In concluding that Illinois now recognizes an advance payment retainer, the Court cited as persuasive authority the Client Trust Account Handbook published in 2001 by the Illinois ARDC. The handbook explicitly recognizes the distinction between security retainers and advance fee payments.
“[W]ith advance fee payments, the client agrees to pay in advance for some or all of the services that the lawyer is expected to perform on a particular legal problem. The prepayment is applied against the lawyer’s hourly fee and the lawyer spends down the retainer as services are rendered. In Illinois, unless otherwise provided by statute or court order, the specific terms of the fee agreement with the client determine whether such prepayments remain the client’s funds and must be deposited in the trust account until earned or whether they are the lawyer’s funds and therefore must not be placed in the trust account. If a lawyer and a client agree in writing or orally that the lawyer will deposit the prepayment in the client trust account and bill against it as the representation proceeds, the funds remain the property of the client and must be deposited in the trust account. Withdrawals can be made only with notice to and agreement of the client. On the other hand, if the lawyer and client agree that the prepayment is immediate compensation for the lawyer’s commitment to perform future services, e.g., a flat fee agreement, the funds are the property of the lawyer and may be deposited in the lawyer’s operating or business account.” Client Trust Account Handbook, pt. IV (A)(5).
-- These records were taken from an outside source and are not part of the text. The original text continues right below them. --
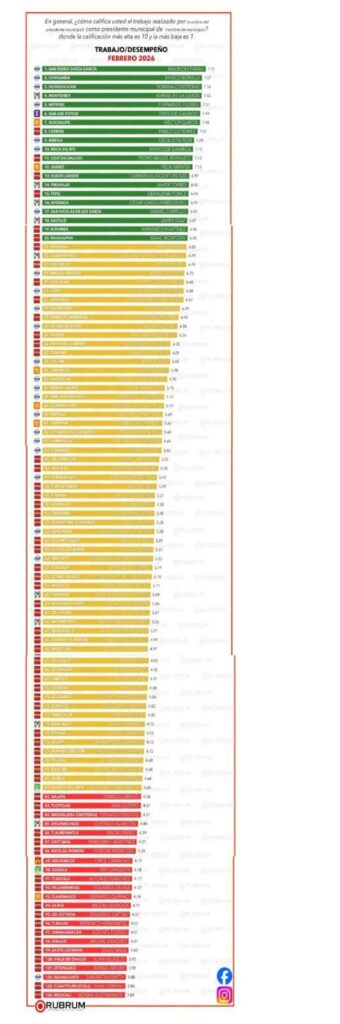 La casa encuestadora Rubrum publicó su más reciente medición sobre el desempeño de alcaldes en 104 municipios del país
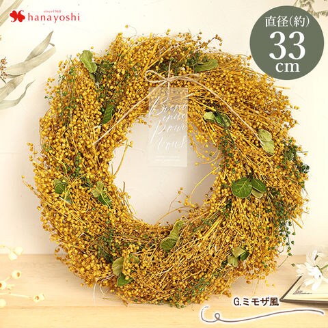 [RSL] ドライフラワー 春のリース Lサイズ「G.ミモザ風」【Especially for Youメッセージカード付】※北海道・沖縄はお届け不可 花由
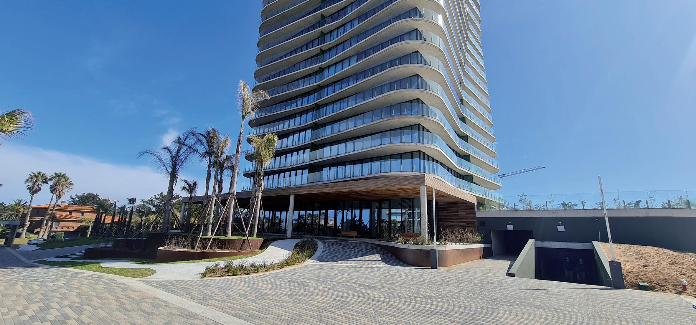 Cruzando el charco, llegamos a Punta del Este, Uruguay, donde se yergue un nuevo edificio en Playa Brava: la Torre Surfside, con cuatro ascensores Fujitec que viajan a tres metros por segundo. La torre se considera una escultura que fusiona poéticamente la arquitectura y su entorno.
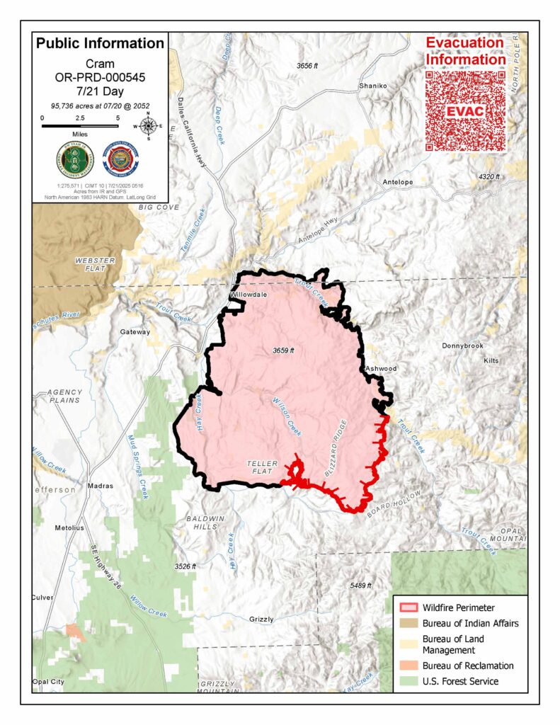 Evacuations: Evacuations remain in effect, but some zones have recently been downgraded. Jefferson, Wasco and Crook County Sheriffs have issued Level 3 (GO NOW), Level 2 (BE SET), and Level 1 (BE READY) evacuations across multiple zones. Please refer to official evacuation maps for the most up-to-date info. Jefferson County: tinyurl.com/JCSOEvacMap, Wasco County: tinyurl.com/WascoCountyEvacMap, Crook County: tinyurl.com/CrookCountyEvacMap
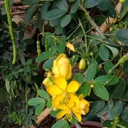 双荚决明 Roxb.)是豆科、决明属直立灌木,多分枝,无毛。叶长7-12厘米,有小叶3-4对,…
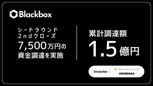 株式会社Blackboxは、ニッセイ・キャピタル株式会社をリード投資家として、シードラウンドのセカンドクローズにて7,500万円の資金調達を実施いたしました。これにより、累計調達額は1.5億円となりました。
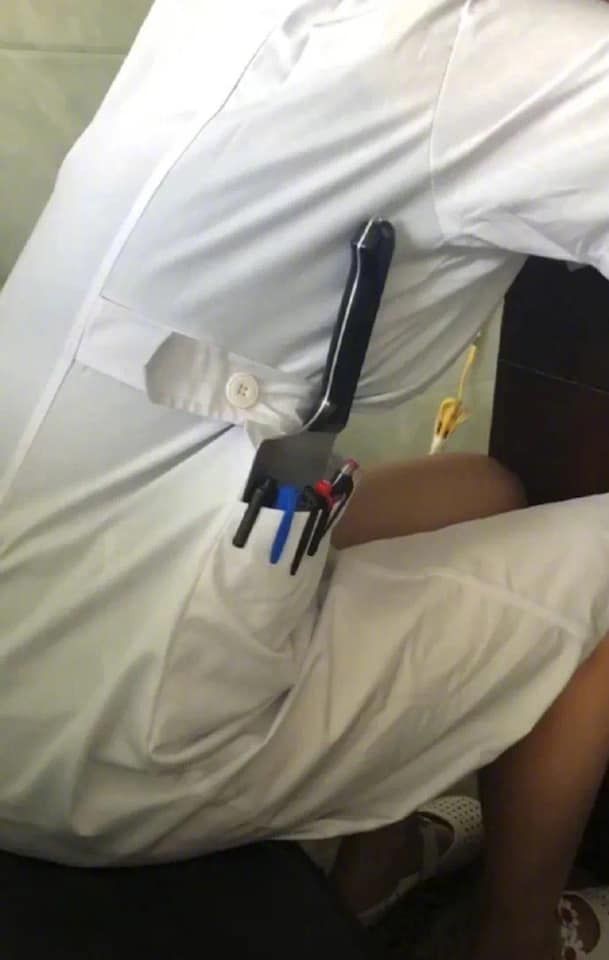 Trong bức ảnh gây bão mạng, vị bác sĩ để thủ sẵn một con dao làm bếp khá to trong túi áo cùng với nhiều cây bút viết. Điều này khiến bất cứ ai có ý định gây sự với bác sĩ cũng phải kiềm chế lại ngay.
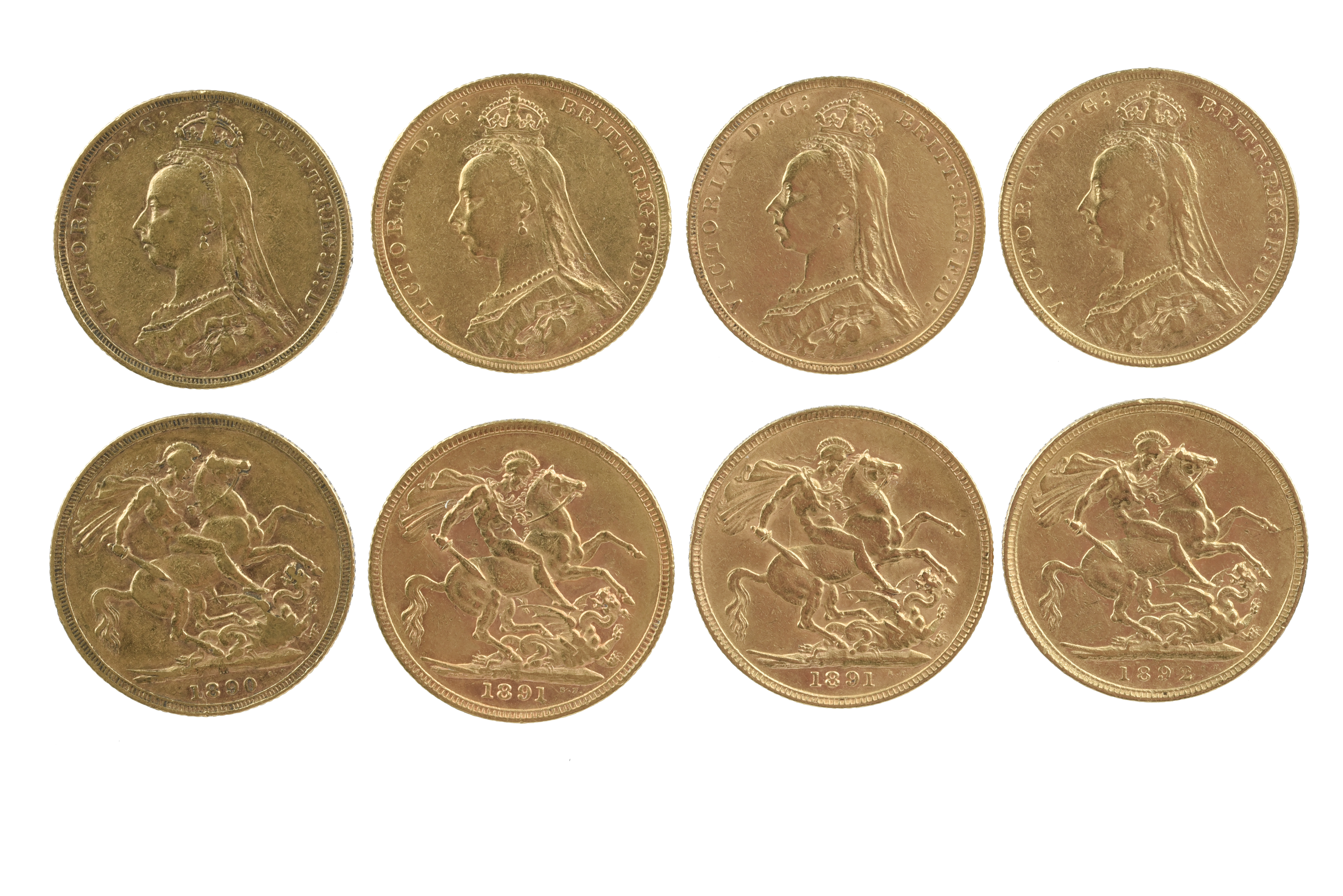 Victoria, gold sovereigns (4), Jubilee head: 1890, 1891, Melbourne Mint (S 3867B);1891, 1892, London Mint (S 3866C); good fine or better. [4]

The Court ruled that any written retainer agreement, regardless of the type of retainer contemplated, should clearly define the kind of retainer being paid. If the parties agree that the client will pay a security retainer, that term should be used in the agreement; it should also state that the funds remain the property of the client until used to pay for services rendered and that the funds will be deposited in a client trust account. If the parties determine that an advance payment retainer best meets the client’s needs, the written agreement must use that term and clearly state that the funds become the property of the lawyer when paid and that they will not be held in a client trust account. Importantly, “advance payment retainer agreements must be in writing and they must clearly disclose to the client the nature of the retainer, where it will be deposited, and how the lawyer or law firm will handle withdrawals from the retainer in payment for services rendered.”(emphasis supplied) Further, the Court ruled that:
[A] written agreement providing for an advance payment retainer must contain language advising the client of the option to place his or her money into a security retainer. The agreement must clearly advise the client that the choice of the type of retainer to be used is the client’s alone; provided, however, that if the attorney is unwilling to represent the client without receiving an advance payment retainer, the agreement must so state, including the attorney’s reasons therefor. In addition, an advance payment retainer agreement must set forth the special purpose behind the retainer and explain why an advance payment retainer is advantageous to the client. Finally, in the event that the parties’ intent cannot be gleaned from the language of their agreement, we conclude that the agreement must be construed as providing for a security retainer....construing an unclear retainer agreement to establish a security retainer will provide the greatest protection for a client’s funds, since they will not be subject to the lawyer’s creditors and withdrawals from the funds may be made only with notice to and agreement of the client. Reimbursement to the client of any unearned fees may also be facilitated by construing an unclear agreement as a security retainer, since the funds must be held separate from the lawyer’s own funds.
The holding in the case has caused substantial discussion among NOBC members, especially Bar Counsel hailing from jurisdictions that do not recognize advance payment retainers. As one longtime Bar Counsel noted: “I haven't [yet] read the case, but that language from the summary makes it sound pretty scary. The "advance payment retainer" which causes ownership of the funds to pass immediately to the lawyer sounds more to me like the kind of money that should be held in trust.”